‘Ashes to ashes, dust to dust; if Lillee doesn’t get you Thommo must!’ The famous line in cricket is enough to tell you about the potency of Australia’s attack, if Lillee fails to knock you out, then don’t get carried away, Jeff Thomson will do the work.
Today is the birthday of ‘Thommo’; Jeff Thomson.
Jeff Thomson’s bowling style was unique
Born in 1950, Jeff Thomson had a unique bowling action. A relatively short run-up for a fast bowler, but he generated all the pace from the slinging action. He used to tilt back like a Javelin thrower and then hurl the ball at batsmen with extreme pace. Many great batsmen have had an opinion that he was the fastest bowler they had ever faced.
Jeff Thomson’s one of best wicket video:
Some science and stats
Andy Roberts, the West Indian fast bowler had recorded the fastest delivery of 159.49 km/h. Jeff Thomson was quicker than Andy for sure. The intriguing thing is, Andy’s run-up had a speed of 28.78 km/h and Thomson’s was 18.02 km/h. This also applies to Michael Holding(28.10km/h) and Dennis Lille(33.57 km/h). All these were not too slow from Thomson, they were there and thereabout, but Thomson’s run-up was too slow to generate that amount of pace. Fascinating, isn’t it?
Another amazing thing is about certain observations about Thomson’s speed. For 160km/h Thomson delivery, it took only 0.438 to reach the other end. It takes 0.30 seconds to see the ball and react to it for any batsmen. So according to the theory, in an ideal scenario batsmen would need to react 0.162 seconds before the release.
Jeff Thomson’s Debut against Pakistan
Jeff made his Test match debut against Pakistan on 29th December 1972 and ODI debut on 1st day of 1975 against England. He got the Test call against Pakistan and to not miss the debut match, he concealed the injury to his foot bone. He couldn’t perform as per the expectations and the debut figures were 0-110.
Jeff Thomson was commonly known for hitting batsmen
Though Australia gave him another chance for the Ashes and that’s where the Lillee and Thomson scared the life out of English players. Dennis Lillee and Jeff Thompon formed a terrifying bowling pair and helped their side to win the most important Ashes series quite convincingly. Thomson took 33 wickets. During that series, he had made a comment saying “I enjoy hitting a batsman more than getting him out. I like to see blood on the pitch”. Obviously, it created a lot of controversies. You could understand the fear factor of the Englishmen.

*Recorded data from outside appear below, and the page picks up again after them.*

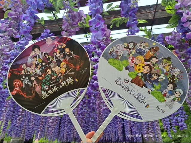 「謎解きウォーク 花降る里と幻の鬼巡り」または「ナイトウォーク 無限城への軌跡」へ来場されたお客様に、先着でニジゲンノモリ限定来場特典ノベルティをプレゼント。第3弾はイベントの2つのキービジュアルが表裏にデザインされたオリジナルうちわを数量限定で配布いたします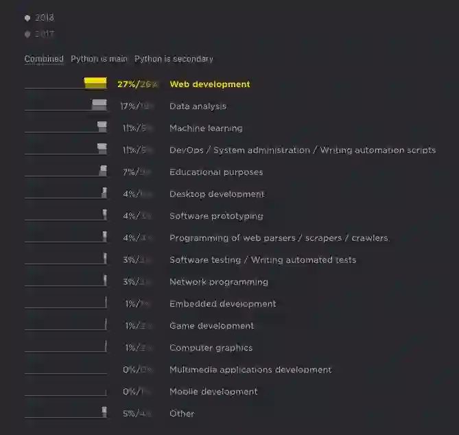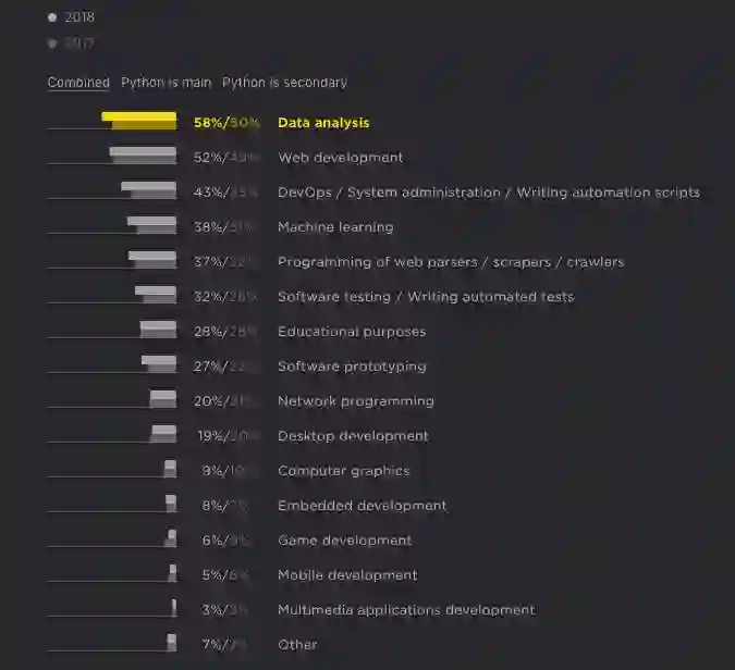 2018 年,使用 Python 做数据分析的用户最多,其次是 web 开发,再次为 DevOps/ 系统管理 / 编写自动化代码、机器学习等。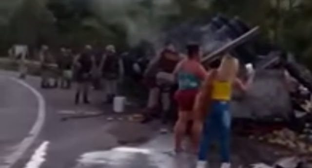 O motorista continuou seguindo viagem, deixando os transautos em pânico e rastos de fogo pela pista queimando a vegetal em volta da rodovia.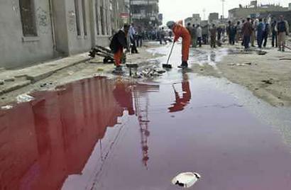 從美聯(lián)社記者拍到的電視畫面上看到,希拉鎮(zhèn)負(fù)責(zé)搶救傷員的診所外面,流了一灘一灘的鮮血。診所的墻壁上,明顯有爆炸燒焦的痕跡,幾十名伊拉克人圍在一起,幫忙把死者肢體往毯子里裝殮。在一個墻角,死傷者的鞋底和破爛的衣服堆在一起。

Less pace but same potency
A collision on the field with the teammate Alan Turner caused a collarbone injury and since then his pace was never been the same. However, with pace or without, he was still lethal and took 22 wickets in the next Ashes which Australia won by the barest margin of 3-2.
In 51 Tests matches, he has claimed exactly 200 wickets at an average of 28.00, best of 6/46, and eight 5-wicket hauls. In ODIs, he has 55 wickets in 50 matches at 35.30, with a best of 4/67.
At the time of his Test debut, he had only 5 First class Match experience, but over the years went on to play 187 of them and bagged 675 wickets at 26.46.
On 27th January 2016, Thomson was inducted into the Australian hall of fame.
We wish you a very Happy Birthday Jeff!
Interesting facts about Jeff Thomson
Everybody thinks of how batsmen would react to the bullets from Jeff, but spare some attention to the keeper as well. Rod Marsh had kept wickets for Thomson in many matches. He once claimed Thommo regularly bowled at more than 160km/h and even touched the 180 mark. Really feeling for Rod Marsh and his hands.